> [Stored data]
↓

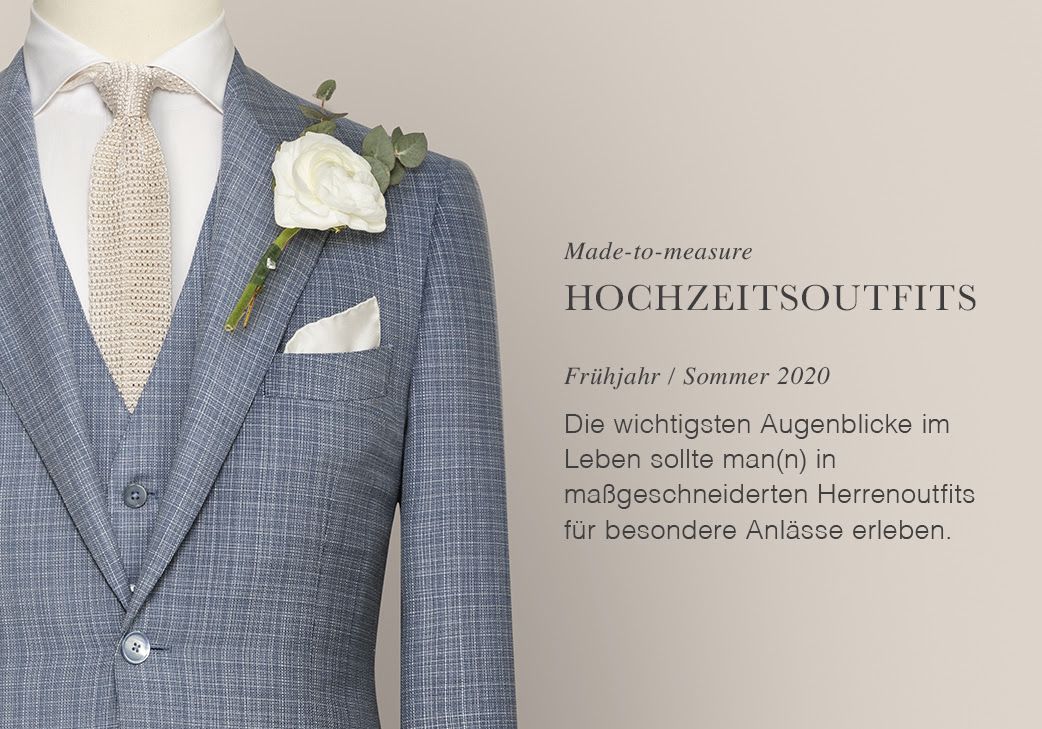 Ob als Bräutigam, Trauzeuge oder Gast: Diese Hochzeitsoutfits begleiten Dich perfekt gestylt durch diesen besonderen Tag. In der Kollektion für diese Jahreszeit gibt es fünf taufrische Stoffe: vier ausgefallene Wollgewebe und eine Stretchwolle gesellen sich zu unseren 18 Woll-Mohair-Mischgeweben und acht Seiden-Woll-Mischungen « Zurück
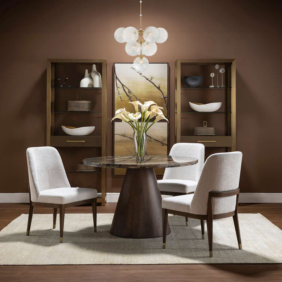 The Carino Upholstered Side Chair by Century Furniture is a stunning piece that combines classic craftsmanship with modern style. Crafted from oak solids, it features a rich Cocoa finish frame that adds warmth and sophistication to your dining room. The seat and back are upholstered in an Ivory performance fabric, providing comfort and a fresh contrast to the dark frame. Champagne finish metal ferrules add a stylish and unique touch. Beautiful design and attention to detail make it a perfect choice for elevating your dining room decor, offering both comfort and style for your guests.
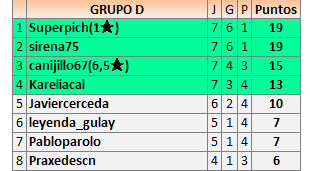 Deja un comentarioEn está página se irán publicando los resultados de las diferentes partidas, siendo ambos jugadores responsables de subirlos o de comprobar que ya hayan sido publicados insertando un COMENTARIO en la parte inferior de la pantalla (opción “Deja tu comentario”), indicando el nombre de los dos jugadores y los puntos obtenidos en la partida.
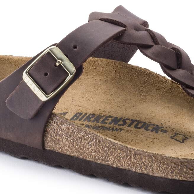 Gizeh-sandalen, med en ny twist. Det flätade, oljade lädret blir bara bättre med tiden och ger dig den där klassiska, välanvända patinan direkt från förpackningen. Den originalformade fotbädden i kork och latex skapar anpassat stöd med slitage

↑

The copy must reproduce the listing above verbatim and contain no pictures.

> [Worked solution]
 Ob als Bräutigam, Trauzeuge oder Gast: Diese Hochzeitsoutfits begleiten Dich perfekt gestylt durch diesen besonderen Tag. In der Kollektion für diese Jahreszeit gibt es fünf taufrische Stoffe: vier ausgefallene Wollgewebe und eine Stretchwolle gesellen sich zu unseren 18 Woll-Mohair-Mischgeweben und acht Seiden-Woll-Mischungen « Zurück
 The Carino Upholstered Side Chair by Century Furniture is a stunning piece that combines classic craftsmanship with modern style. Crafted from oak solids, it features a rich Cocoa finish frame that adds warmth and sophistication to your dining room. The seat and back are upholstered in an Ivory performance fabric, providing comfort and a fresh contrast to the dark frame. Champagne finish metal ferrules add a stylish and unique touch. Beautiful design and attention to detail make it a perfect choice for elevating your dining room decor, offering both comfort and style for your guests.
 Deja un comentarioEn está página se irán publicando los resultados de las diferentes partidas, siendo ambos jugadores responsables de subirlos o de comprobar que ya hayan sido publicados insertando un COMENTARIO en la parte inferior de la pantalla (opción “Deja tu comentario”), indicando el nombre de los dos jugadores y los puntos obtenidos en la partida.
 Gizeh-sandalen, med en ny twist. Det flätade, oljade lädret blir bara bättre med tiden och ger dig den där klassiska, välanvända patinan direkt från förpackningen. Den originalformade fotbädden i kork och latex skapar anpassat stöd med slitage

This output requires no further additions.